Planned evolutions for Sheaf
Parallelism and distribution
Sheaf does not currently allow for explicit workload distribution. Instead, it relies on JAX to handle how tensors are partitioned across hardware, and does not expose its low-level sharding primitives such as pmap.
This works well for single-machine training, but limits multi-node scaling. A promising approach would be to leverage the "macros as architecture" to rewrite functions during compilation, potentially using Equinox as a backend. This could give us parallelization while keeping the high-level mathematical definitions clean from hardware concerns.

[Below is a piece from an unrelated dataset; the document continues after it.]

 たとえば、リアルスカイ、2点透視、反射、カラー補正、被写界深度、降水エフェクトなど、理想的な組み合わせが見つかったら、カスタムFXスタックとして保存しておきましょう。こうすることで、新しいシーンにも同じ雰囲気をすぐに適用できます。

Language modularity and Namespaces
Keeping Sheaf as a "pure", mathematical language has created a paradox: it relies on imperative Python code for even the most basic stateful tasks. The mid-term goal is to restrict Python's role to non-trivial plumbing and orchestration. However, reducing this dependency would require adding stateful functions that would bloat the core language.

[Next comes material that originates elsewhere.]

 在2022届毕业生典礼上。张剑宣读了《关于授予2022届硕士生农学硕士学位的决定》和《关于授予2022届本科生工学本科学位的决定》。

To solve this, future versions will introduce namespaces, which will allow the standard library to grow without cluttering the core language. Tools like file I/O or SafeTensors support could then be added without polluting the global symbol table.
Long term reflections
Whether Sheaf should remain interoperable with Python (like Clojure with Java), or do a paradigm break in the long term is still uncertain.
Keeping Sheaf interoperable avoids reinventing the wheel, but a "sovereign" version of Sheaf could eliminate a lot of runtime overhead and compile directly to XLA's StableHLO (dealing with the full MLIR would be a nightmare...), without the need for Python. This would turn it into a standalone, high-performance, and homoiconic differentiable framework.
This would be a lot of work however, as it would require implementing an auto-differentiation engine, something I'd much rather leave to someone else for now.
However, targeting XLA directly while breaking free from Python and JAX could open new opportunities. With a Sheaf compiler in Rust with AOT compilation on IREE, Sheaf could run on 5-50MB footprint at runtime and 50-100MB at compile-time, versus 500-600MB with Python+JAX. This would align the entire stack with Sheaf's philosophy of elegance and concision from the language down to the runtime.
For now, Sheaf remains within the Python ecosystem, the benefits of reusing existing tooling far outweigh the overhead.